Tuesday, December 30, 2008

Angus, Thongs & Full Frontal Snogging; Louise Rennison

Published in 1999 by Avon, ATAFFS is the first book in the ongoing Georgia Nicolson series. I bought it on a whim for our daughter. I suppose you could call it “chicklet lit”, the tween and teen version of chick lit. In my house this series has earned its own nickname: book crack. We’ve gone through several copies of each title. They get passed around and around among all of our teens’ friends again and again. This copy, the second one I’ve bought, is tattered and torn, dogeared and soft, scribbled in and taped over. Dragged from pillar to post in backpacks and crammed into little purses. According to my children these books are laughed over and discussed at lunch tables by both boys and girls, although surely they are aimed at girls.

Georgia Nicolson is a fourteen year old English teenager: has pimples, angst, a younger sister, and a crazy cat named Angus. ATAFFS is nominally in an epistolary form, although I find it more accurate to say that it’s written in a stream of consciousness style. Whatever Georgia thinks as she’s writing, she puts down in her journal. Helpfully there’s a glossary to explain the slang- which is, in my house anyway, seemingly the funniest part of the book. Until recently I’d merely played the usual parental role: indulgent pats on the head and more copies of the books for them, but I never read any of them. I’ve plenty of my own books to read, not to mention the usual adult preoccupations.

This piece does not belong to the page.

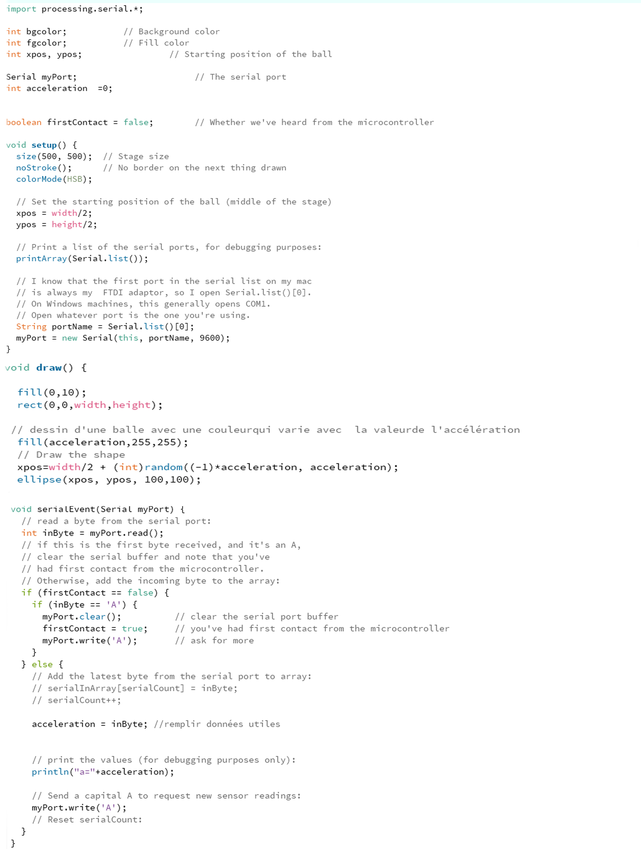 Programme Processing permettant de modifier la couleur d'une balle en fonction de l'accélération lue sur l'accéléormètre:

Finally, this summer, I was looking for something quick, easy, funny, light. Our younger son pushed this book into my hands and browbeat me into reading it. He laughed triumphantly when I told him how funny it is, how true to what I remember my teenage years to be. “We’ve only been bugging you to read this for years, mom.” How very true. Much of the plot is typical teenage angst: tests, parents’ embarrassing behavior, yearning from afar. There are two events that stand out for me. One is that Georgia stood up to the school bully when pressured to go into the village on a shoplifting spree. Two is when Georgia “streaks” down the street very late one night during a sleepover.

On the main I enjoyed ATAFFS quite a bit. If the tv show Gossip Girl is anything to go by, this Georgia book is in a more innocent vein- less snarky, less fueled by lust and envy and jealousy. I’m certain I ought to have read this before I gave it to them, but they seem not to have come to any serious harm with my oversight.